I was in your niece's situation for a bit - my DD lost 13% of her weight by four days after birth due to a painful and not very good latch that we just couldn't correct because she had some mild tongue/upper lip tie that the pediatricians refused to see (but it was very obvious to lactation consultant). We were sent home from her 4 day appointment with a bag of formula and me in tears.

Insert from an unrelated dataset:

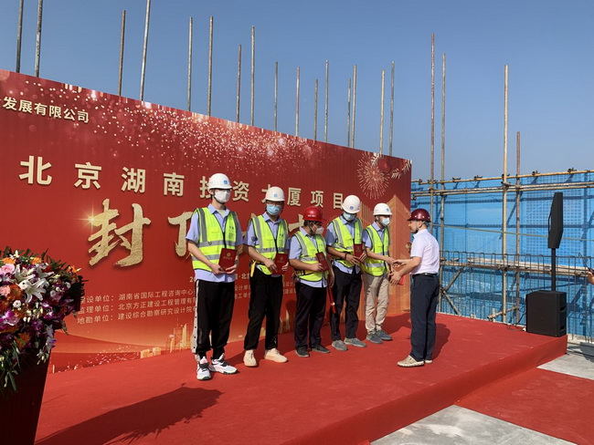 9月15日上午,(北京)湖南投資大廈項目封頂儀式在北京市豐臺區(qū)麗澤金融商務區(qū)隆重舉行。儀式由湖南省國際工程咨詢公司副總經理胡興國主持。
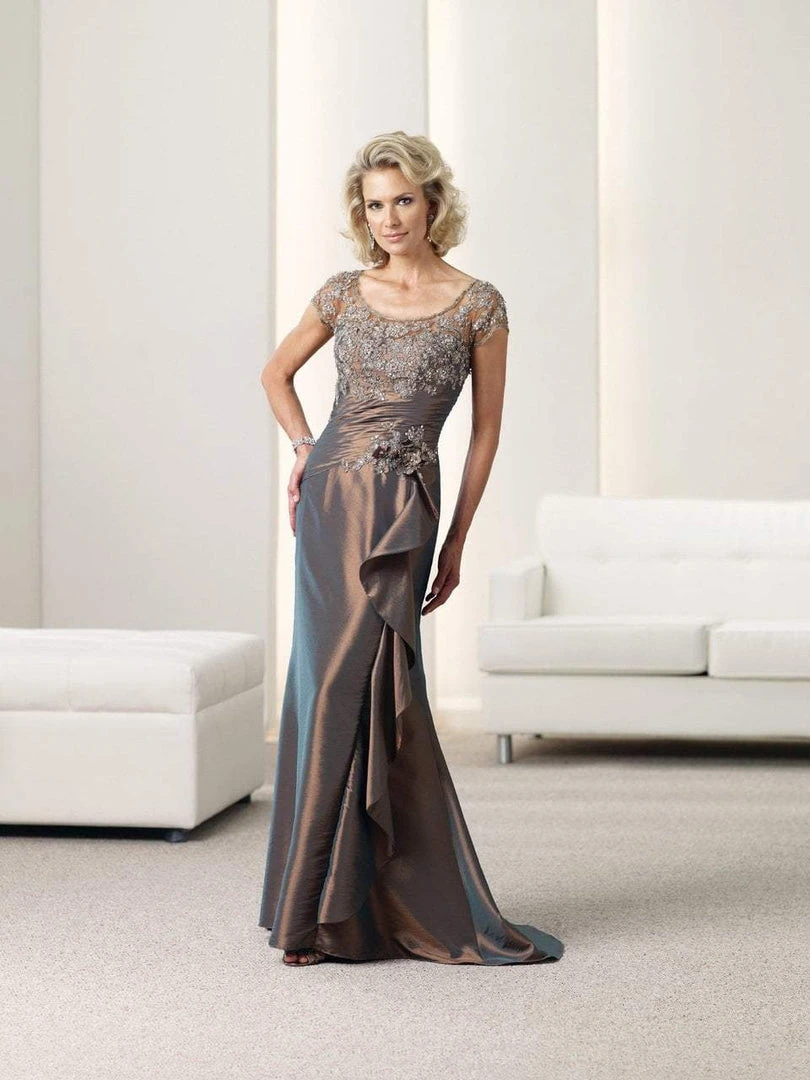 Taffeta slim A-line dress with short sleeves, bodice features scoop neckline and sleeves with elaborate hand-beaded illusion overlay, beaded illusion back bodice with keyhole, ruched midriff with asymmetrically dropped waistline, side cascading ruffle.

I gave about 2 ounces of formula by bottle for about 3 days, plus pumping 2- 3 times/day and feeding it back to my daughter. Then I quit the formula, and at 2 week appointment weight gain still wasn't good (still not back up to birth weight) so we added 2-3 ounces of formula back in for another week. I also supplemented with domperidone - since my daughter's latch wasn't that good, she wasn't drawing enough milk each feed, so my supply wasn't increasing Finally the latch started to improve (nursing stopped being painful around 5-6 weeks) and things got better. We have had no need to supplement since 6 weeks, I dropped the domperidone at 4 months, and we are now at 8.5 months.

Nursing constantly is the best way to get her supply up. But, if baby has a bad latch that can't be corrected because of ties/small mouth, whatever, then baby may need some feedings by bottle of formula or pumped milk to get that extra nutrition. We would nurse for 20-40 minutes every 1.5 hours and then give her a little formula or milk by bottle every second feeding. I was sore, exhausted, and feeling like a failure, and frustrated that the doctors refused to see that there was a legitimiate tongue tie problem.

Supplementing with a bottle - or an SNS - may be necessary if your niece's daughter has a similar problem. It doesn't sound like she has been to a lactation consultant, so I can't really tell you if it is unnecessary for your niece to nurse, pump, and supplement with formula, or if her doctors are just being jerks. Best way to find out is to weigh baby before and after a nursing to see if baby is getting at least an ounce/hour from nursing.